Tuesday, August 12, 2014

Step By Step Linux Boot Process [Updated]

In  systemd based systems (RHEL7/8, SLES15 etc..)
Power On BIOS/UEFI MBR/GPT GRUB2 (Stage 1 Boot Loader  Stage 2 Boot Loader) Kernel systemd Login

→  Power On

The system/server hardware or firmware either UEFI (Unified Extensible Firmware Interface)  Or BIOS (Basic Input Output System) runs Power On Self Test (POST) when system gets powered-on.

→  BIOS/UEFI gets executed

BIOS/UEFI get executed and checks for proper connectivity of devices and then it would check for memory availability, and finally locates a boot device.

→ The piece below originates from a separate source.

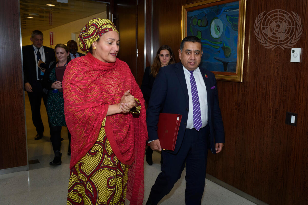 Deputy Secretary-General Amina J. Mohammed (left) meets with Tariq Mahmood Ahmad of Wimbledon, Minister of State for the Commonwealth and the United Nations of the United Kingdom of Great Britain and Northern Ireland.
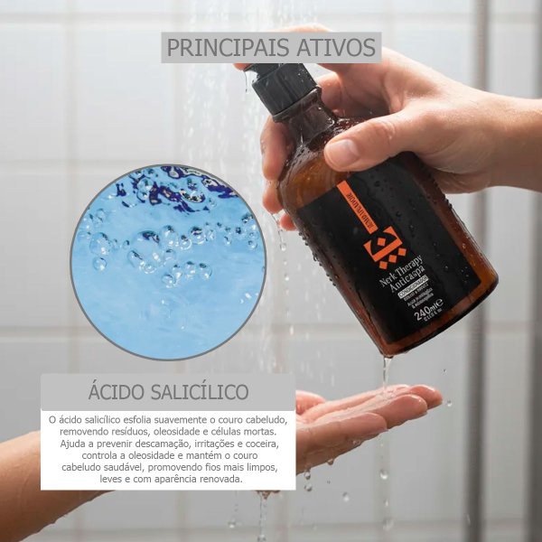O ácido salicílico ajuda a remover o excesso de oleosidade e as células mortas do couro cabeludo, prevenindo a caspa. Ele desobstrui os poros, promovendo um ambiente saudável para o crescimento capilar. Além disso, reduz a coceira e a irritação, proporcionando alívio em casos de descamação

BIOS/UEFI locates the boot device & loads MBR/GPT (GUID Partition Table) from an active partition.

MBR/GPT loads into memory

The 'Master Boot Record' (MBR) is of size 512 bytes and located on the first sector of a Primary/Active boot device. The MBR loads into the memory at this stage which facilitates GRUB loading. The Partition table is stored within MBR (*details of what is stored within 512 bytes is explained down the page).

If boot device is larger than 2.2TB (Tera Bytes) then GPT partitioning scheme would be used instead of MBR. At this stage, GPT details would be read into memory which is facilitated by UEFI firmware.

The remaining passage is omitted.